Ahlers rushed eight times for 41 yards and scored a pair of touchdowns.

“We’re trying to win in any way we can win,” Montgomery said of his decision to use two quarterbacks, adding that both Herring and Ahlers embraced the situation. “They hugged each other and we went to work. They’re team guys.”

As motivated as the Pirates were, it appeared as though UNC might match their sense of urgency during the early going.

With Ohio State transfer Antonio Williams and junior Jordon Brown establishing the running game and quarterback Nathan Elliott (22 of 38, 219 yards) hitting enough passes to keep the chains moving, the Tar Heels scored on five of their six first-half possessions.

Because four of those scores were Freeman Jones field goals — from 32, 44, 49 and 42 yards out — the Tar Heels still found themselves trailing 21-19 at the break. They also hurt themselves by not taking advantage of breaks the Pirates tried to give them.

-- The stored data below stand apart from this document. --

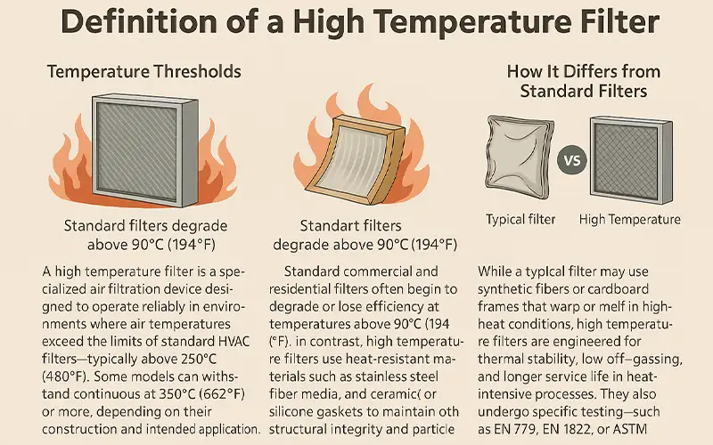 Un filtro ad alta temperatura è un dispositivo specializzato di filtrazione dell’aria progettato per operare in ambienti dove le temperature superano i limiti dei normali filtri HVAC – tipicamente oltre 250°C (480°F).
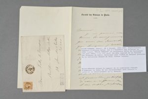 Henri MILNE-EDWARDS (1800-1885), zoologiste. Lettre autographe signée au professeur Félix de Fauconpret. 2 pp. in-8, en-tête de la Faculté des sciences de Paris. Paris, 18 juillet 1863. Enveloppe conservée. Cachet de la collection Armand Silvestre de Sacy (1867-1946). « Je ne pourrai vous donner les renseignements que vous me demandez que lorsque j'aurai reçu le rapport de la commission qui sera chargée d'examiner votre thèse. Dès que cette pièce sera entre mes mains je la renverrai à la commission et si l'avis de celle-ci est favorable, je m'empresserai de vous en informer, mais il me semble peu probable que vous puissiez avoir ensuite le temps nécessaire pour l'impression de ce travail avant l'époque où la Faculté entrera en vacances ».
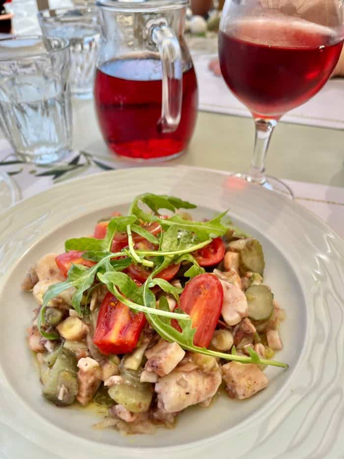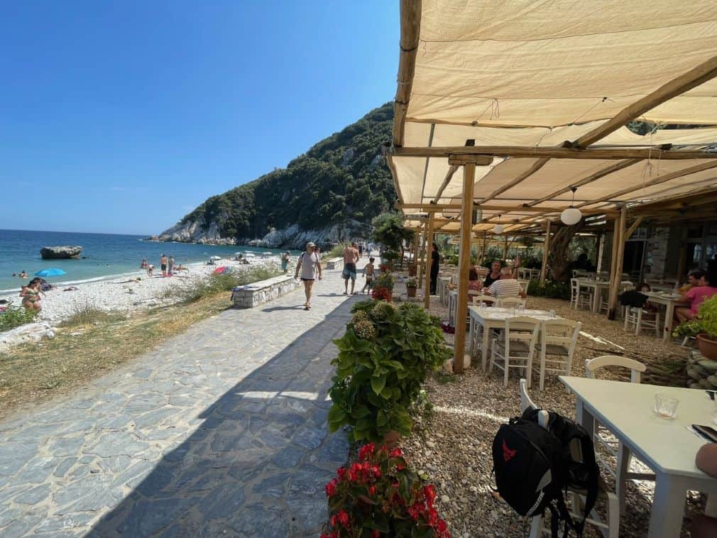 There is one taverna at the beach called Old Damouchari where you can get a fantastic octopus salad and cold beer, overlooking the beach.
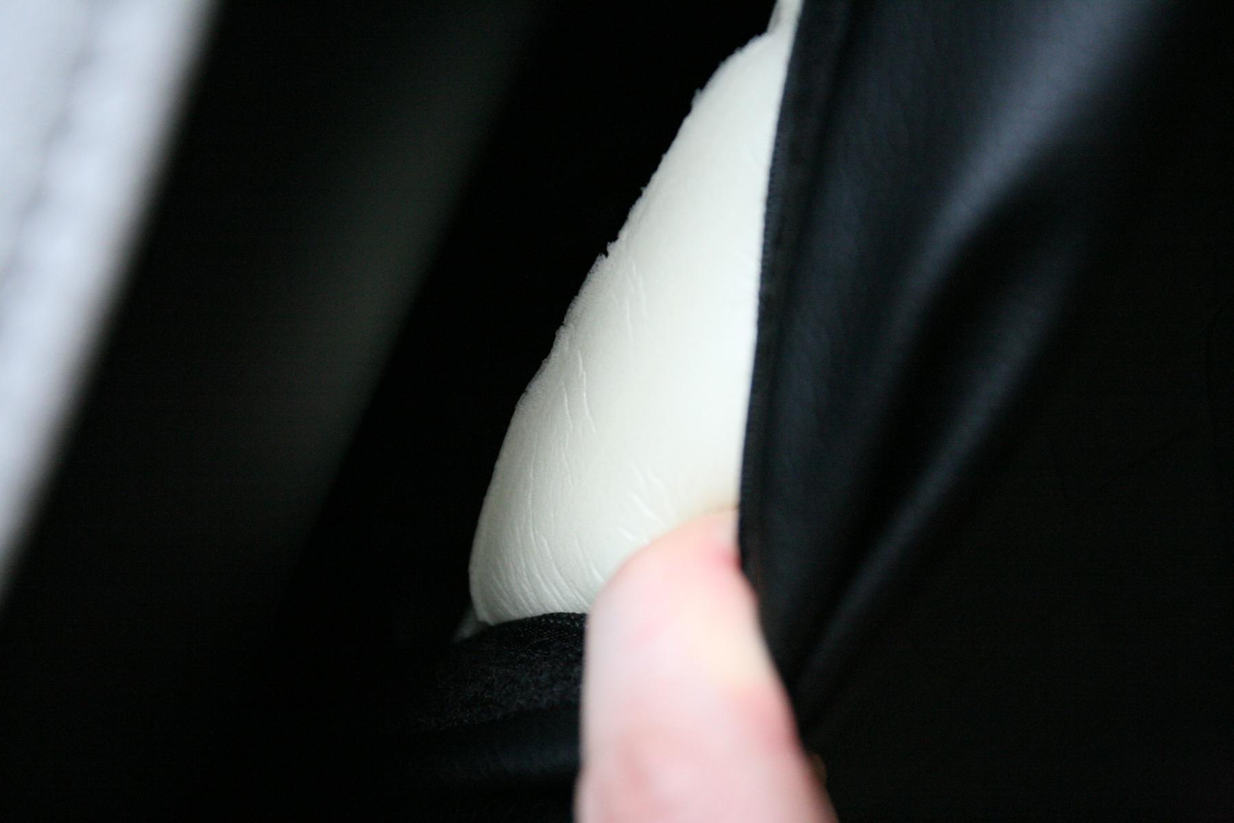 Спинка совсем не плоская, центральную часть можно оттянуть для закрепления поясничной подушки, ну и для любопытства, конечно. Под ней прощупываются эластичные стропы, а если расстегнуть липучку на правой ее стороне, можно нащупать наполнитель, который очень похож на вспененный пенополиуретан. Не поролон.
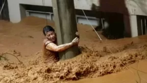 Uma mulher sobreviveu às inundações que estão afetando Minas Gerais depois de ter ficado agarrada a um poste durante
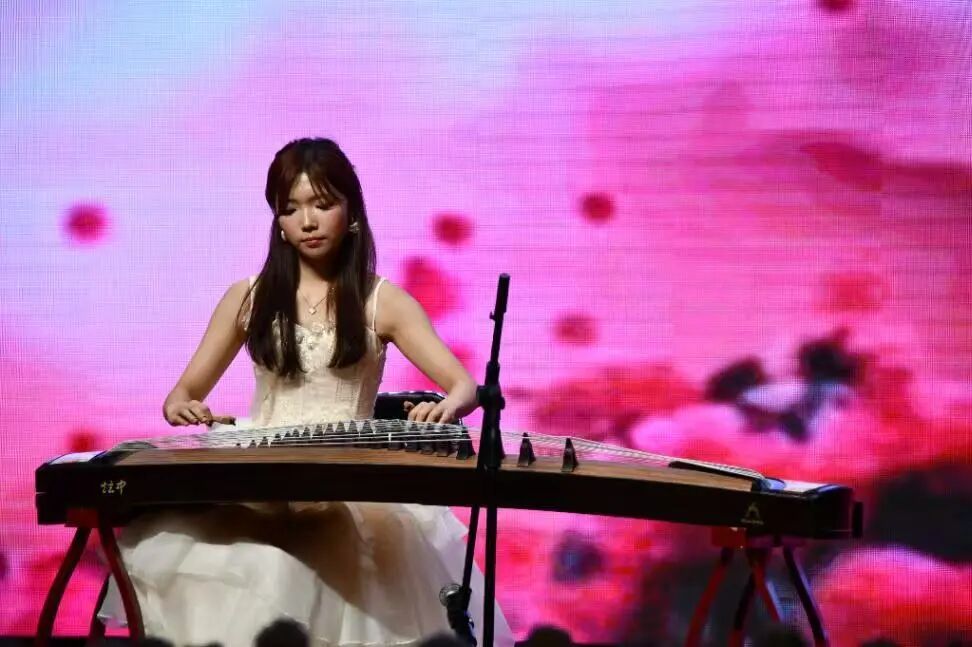 和着阵阵琴音,李思语同学的古筝表演《山丹丹开花红艳艳》带着黄土气息向我们走来,将黄土人民的粗狂与柔情完美融合,如漫山红透的山丹丹花,以筝弦为语,把人民的质朴与热烈泼洒得淋漓尽致。

On one 16-play, seven-minute touchdown drive late in the first half, they failed to recover two fumbles, including one after a strip sack by defensive end Allen Cater, and committed a late hit penalty that turned a potential fourth-and-22 situation into a first down in the red zone.  

“We kept shooting ourselves in the foot,” Fedora said. “We kept getting penalties, we didn’t finish any drives off. Give Freeman credit, he did a nice job for us. And then in the second half, we didn’t get anything going.”

UNC’s woes actually began on its final possession before halftime, coincidentally, on a play that saw Elliott complete a pass to Anthony Ratliff-Williams for a 32-yard gain. Most of that yardage was wiped out, though, when Antonio Williams was called for targeting on a block that sent ECU defensive back Colby Gore to the hospital.

Williams, who had rushed for 96 yards on six carries to that point, was ejected for his infraction. And the Tar Heels (0-2) never seemed to recover.

They mustered only 78 total yards after halftime while running just 28 total plays. That compares to 238 yards and 42 plays for ECU. UNC was also failed to convert its last seven third-down attempts and twice failed to pick up a yard on fourth down to extend possessions.

“I thought the difference in the game tonight was the way our defense played in the second half,” Montgomery said. “I don’t know the last time I’ve been part of a shutout in the second half, also part of an offense coming out and basically putting up 21 and 20 points in separate halves. It was an all-around great game.”

As it usually is for the Pirates against an in-state ACC opponent.

“You have teams like that, that come in here and think they’re going to beat you no matter what the circumstances are,” offensive guard Garrett McGhin said. “To be able to go out there and put numbers on the board, that’s pretty special. There’s a special place in my heart beating Carolina and State at home.”